In Western Europe, public sympathy may have grown somewhat in recent days after initial grumbling about whether NATO ought to go in. But there are divisions in officialdom over whether airlifting Kosovar Albanians across great distances, a move meant to ease the region's strain, is a good idea. Quote of note: "Albania does not want to be part of the ethnic-cleansing mechanism." - an Albanian official.
In Central Europe, the focus remains on the NATO airstrikes themselves. Opposition is sweeping public opinion in former Warsaw Pact nations, once allied with Russia against NATO - ironically, a club to which three have just been admitted.
Meanwhile, on the ground in Yugoslavia, an apparent lapse in the accuracy of NATO missiles - with resulting civilian casualties - could play into any international doubts about the mission.
- Clayton Collins Deputy World editor
REPORTERS ON THE JOB
* INSIDE SERBIA: Belgrade-based writer Justin Brown was ready when the Yugoslav Army's press center had him awakened, along with four other reporters, for a ride out of Belgrade proper. Justin was the only American on a trip to Aleksinac, about 100 miles away and apparently the site of an inadvertent NATO attack. He was surprised at the lack of road damage on the way, and he says he saw fuel trucks but few other Army vehicles. He also found Serbs, even soldiers, willing to talk. Some were angry, but most were friendlier than people he'd encountered in Belgrade. In a shop, people asked him about casualties. Most said they knew of the ethnic Albanian exodus, but maintained that NATO strikes, not President Milosevic, have triggered the flight.

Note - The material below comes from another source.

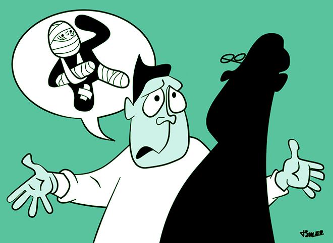 Ngày hôm sau, Tiểu Vương lại nói rằng bố anh lại bị tai nạn. Anh ta giải thích: "Thực ra, hôm qua bố tôi bị gãy xương nhưng ông nhịn đau không nói, đến nửa đêm thì đau quá không chịu được nên tôi phải đưa ông đến bệnh viện".

FOLLOW-UP ON A MONITOR STORY..
* WILL THEY SPELL IT 'JAIL' OR 'GAOL'? Libya has turned over two suspects in the 1988 bombing of a Pan Am jet over Lockerbie, Scotland, in which 270 people were killed. Now the wheels of justice start turning, with all the complexity of a truly international trial (Monitor story ran March 17). The Dutch legal system will handle initial extradition procedures before handing off to the Scots. The suspects will be transferred to a US air base near Utrecht - after part of the base is declared British soil for the trial's duration (as long as two years). If the suspects are found guilty, they'll serve their time in a Scottish jail. The US and Britain are negotiating who will pick up what portion of the estimated $200 million tab.